■ **REQUIRED ACTION**: A verbatim transcript of the data below is required, images omitted.

*** Opening INFORMATION SUPPLIED ***

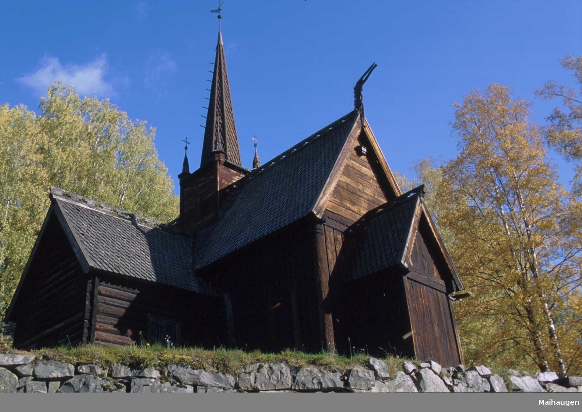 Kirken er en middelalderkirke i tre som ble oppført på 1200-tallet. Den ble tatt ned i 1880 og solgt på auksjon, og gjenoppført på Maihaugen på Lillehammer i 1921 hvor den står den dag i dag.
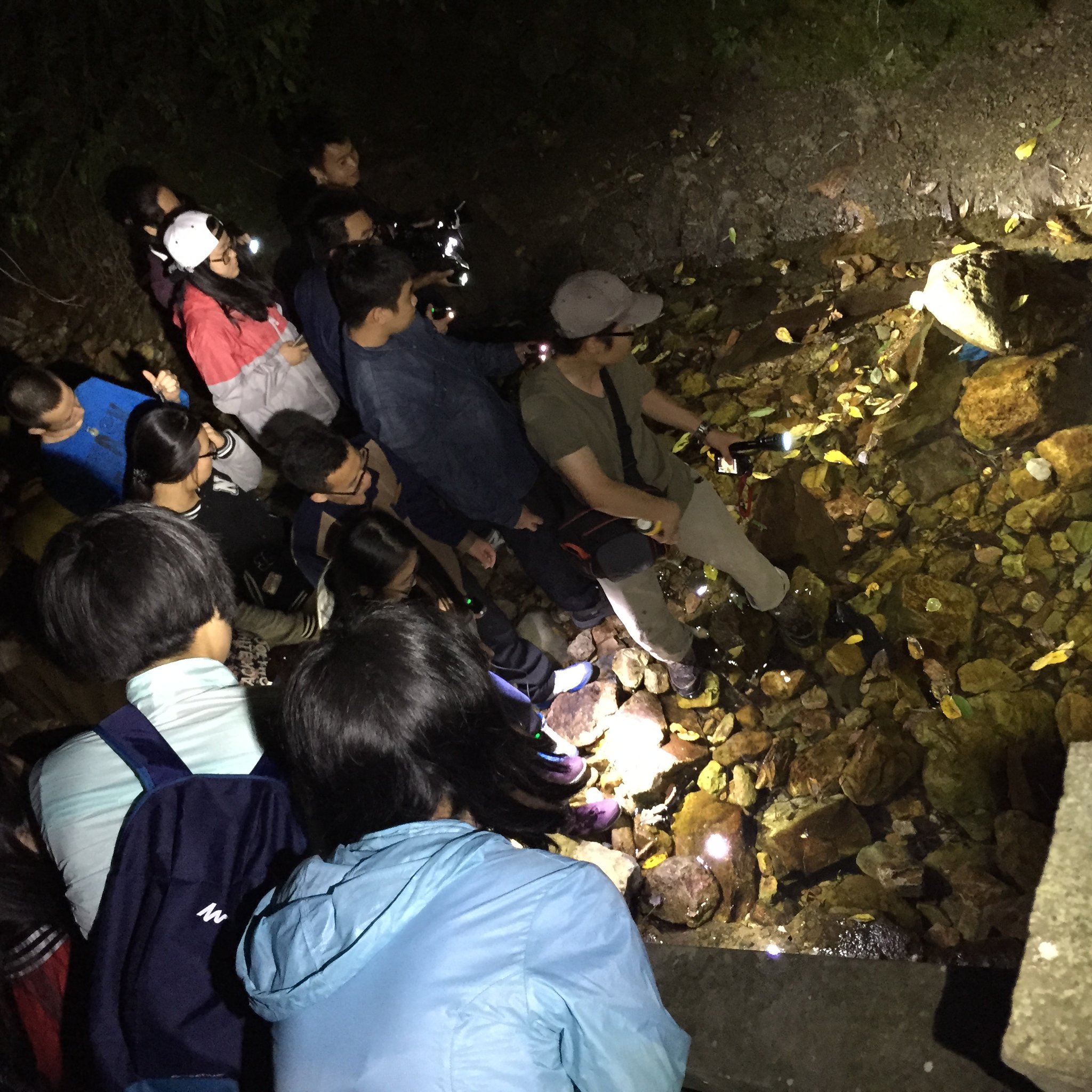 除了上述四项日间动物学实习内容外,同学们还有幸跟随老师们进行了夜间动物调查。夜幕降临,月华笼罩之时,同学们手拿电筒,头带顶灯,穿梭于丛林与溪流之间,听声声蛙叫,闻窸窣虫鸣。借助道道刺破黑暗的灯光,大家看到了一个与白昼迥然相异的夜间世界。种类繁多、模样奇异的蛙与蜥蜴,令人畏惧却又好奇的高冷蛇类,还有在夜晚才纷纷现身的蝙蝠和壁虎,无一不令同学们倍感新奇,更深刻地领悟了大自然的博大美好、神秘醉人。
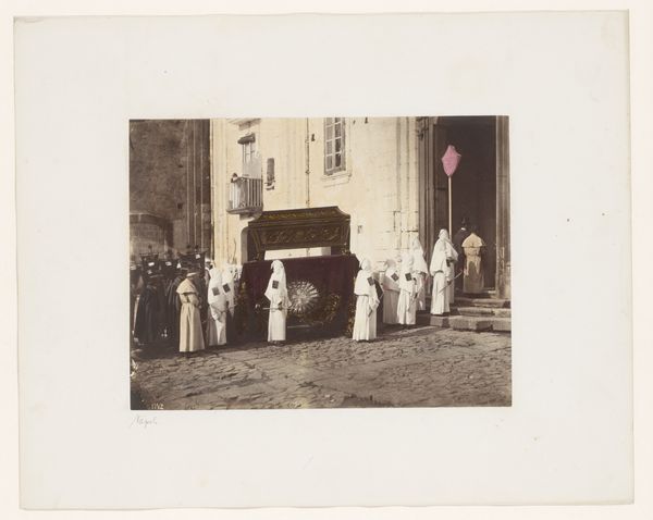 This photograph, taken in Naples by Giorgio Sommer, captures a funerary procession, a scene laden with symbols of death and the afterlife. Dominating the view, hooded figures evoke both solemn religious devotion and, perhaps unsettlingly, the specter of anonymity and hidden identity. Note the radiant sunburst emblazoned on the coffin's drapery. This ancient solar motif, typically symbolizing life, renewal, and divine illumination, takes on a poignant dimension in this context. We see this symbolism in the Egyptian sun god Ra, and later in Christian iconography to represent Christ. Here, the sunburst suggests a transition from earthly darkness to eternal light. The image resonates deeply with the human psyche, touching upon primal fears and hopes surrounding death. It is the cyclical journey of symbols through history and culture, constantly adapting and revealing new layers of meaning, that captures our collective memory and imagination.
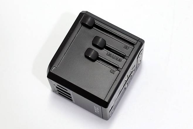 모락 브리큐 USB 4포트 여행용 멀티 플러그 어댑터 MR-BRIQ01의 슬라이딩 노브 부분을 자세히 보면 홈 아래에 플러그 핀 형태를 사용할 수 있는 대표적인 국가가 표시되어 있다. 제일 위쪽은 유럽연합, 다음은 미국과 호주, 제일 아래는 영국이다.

*** Closing INFORMATION SUPPLIED ***

■ **EXERCISE ANSWER**:
 Kirken er en middelalderkirke i tre som ble oppført på 1200-tallet. Den ble tatt ned i 1880 og solgt på auksjon, og gjenoppført på Maihaugen på Lillehammer i 1921 hvor den står den dag i dag.
 除了上述四项日间动物学实习内容外,同学们还有幸跟随老师们进行了夜间动物调查。夜幕降临,月华笼罩之时,同学们手拿电筒,头带顶灯,穿梭于丛林与溪流之间,听声声蛙叫,闻窸窣虫鸣。借助道道刺破黑暗的灯光,大家看到了一个与白昼迥然相异的夜间世界。种类繁多、模样奇异的蛙与蜥蜴,令人畏惧却又好奇的高冷蛇类,还有在夜晚才纷纷现身的蝙蝠和壁虎,无一不令同学们倍感新奇,更深刻地领悟了大自然的博大美好、神秘醉人。
 This photograph, taken in Naples by Giorgio Sommer, captures a funerary procession, a scene laden with symbols of death and the afterlife. Dominating the view, hooded figures evoke both solemn religious devotion and, perhaps unsettlingly, the specter of anonymity and hidden identity. Note the radiant sunburst emblazoned on the coffin's drapery. This ancient solar motif, typically symbolizing life, renewal, and divine illumination, takes on a poignant dimension in this context. We see this symbolism in the Egyptian sun god Ra, and later in Christian iconography to represent Christ. Here, the sunburst suggests a transition from earthly darkness to eternal light. The image resonates deeply with the human psyche, touching upon primal fears and hopes surrounding death. It is the cyclical journey of symbols through history and culture, constantly adapting and revealing new layers of meaning, that captures our collective memory and imagination.
 모락 브리큐 USB 4포트 여행용 멀티 플러그 어댑터 MR-BRIQ01의 슬라이딩 노브 부분을 자세히 보면 홈 아래에 플러그 핀 형태를 사용할 수 있는 대표적인 국가가 표시되어 있다. 제일 위쪽은 유럽연합, 다음은 미국과 호주, 제일 아래는 영국이다.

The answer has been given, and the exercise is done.